RE: [EXTERNAL] Re: IN OPERATOR VS BATCH QUERY

2020-02-21 Thread Durity, Sean R
Batches are for atomicity, not performance.

I would do single deletes with a prepared statement. An IN clause causes extra 
work for the coordinator because multiple partitions are being impacted. So, 
the coordinator has to coordinate all nodes involved in those writes (up to the 
whole cluster). Availability and performance are compromised for multiple 
partition operations. I do not allow them.

Also – TTL at insert (or update) is a much better solution than large purge 
strategies. As someone who spent a month wrangling hundreds of billions of 
deletes, I am an ardent preacher of TTL during design time.

Sean Durity

From: Attila Wind 
Sent: Friday, February 21, 2020 2:52 AM
To: user@cassandra.apache.org
Subject: [EXTERNAL] Re: IN OPERATOR VS BATCH QUERY

Hi Sergio,

AFAIK you use batches when you want to get "all or nothing" approach from 
Cassandra. So turning multiple statements into one atomic operation.

One very typical use case for this is when you have denormalized data in 
multiple tables (optimized for different queries) but you need to modify all of 
them the same way as they were just one entity.

This means that if any ofyour delete statements would fail for whatever reason 
then all of your delete statements would be rolled back.

I think you dont want that overhead here for sure...
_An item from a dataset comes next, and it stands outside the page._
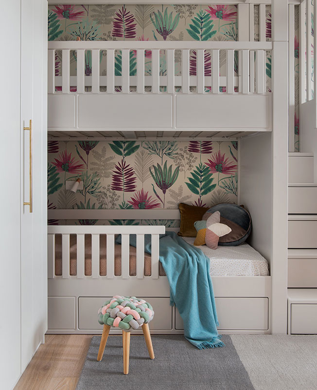 Детская. Обои Harlequin. Потолочный светильник Odeon Light. Кровать изготовлена на заказ по эскизам автора проекта. Декоративные подушки Zara home. Письменный стол и кресло La Redoute.
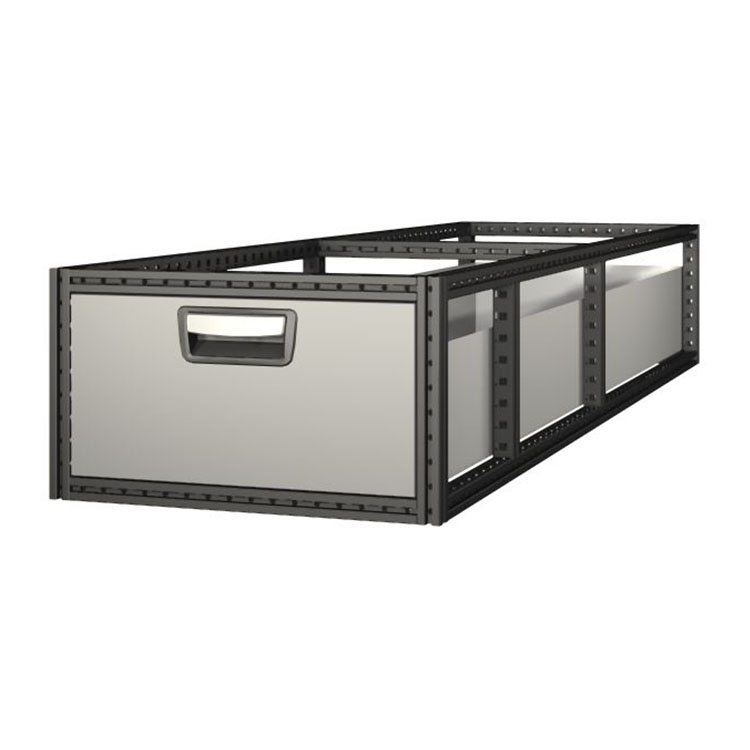 De ekstra lange skuffeenheder har en ramme af ultrastærkt stål og skuffer af aluminium. Skufferne er som standard udstyret med kuglelejer, og blandingen af faste og fleksible lejer gør dem både stabile og nemme at betjene.

We are not there yet with our development but we will need similar "cleanup" 
functionality soon.
I was also thinking about the IN operator for similar cases but I am curious if 
anyone here has better idea...
Why does the IN operator blowing up the coordinator? I do not entirely get it...

Thanks
Attila

Sergio mailto:lapostadiser...@gmail.com>> ezt írta 
(időpont: 2020. febr. 21., P 3:44):
The current approach is delete from key_value where id = whatever and it is 
performed asynchronously from the client.
I was thinking to reduce at least the network round-trips between client  and 
coordinator with that Batch approach. :)

In any case, I would test it it will improve or not. So when do you use batch 
then?

Best,

Sergio

On Thu, Feb 20, 2020, 6:18 PM Erick Ramirez 
mailto:erick.rami...@datastax.com>> wrote:
Batches aren't really meant for optimisation in the same way as RDBMS. If 
anything, it will just put pressure on the coordinator having to fire off 
multiple requests to lots of replicas. The IN operator falls into the same 
category and I personally wouldn't use it with more than 2 or 3 partitions 
because then the coordinator will suffer from the same problem.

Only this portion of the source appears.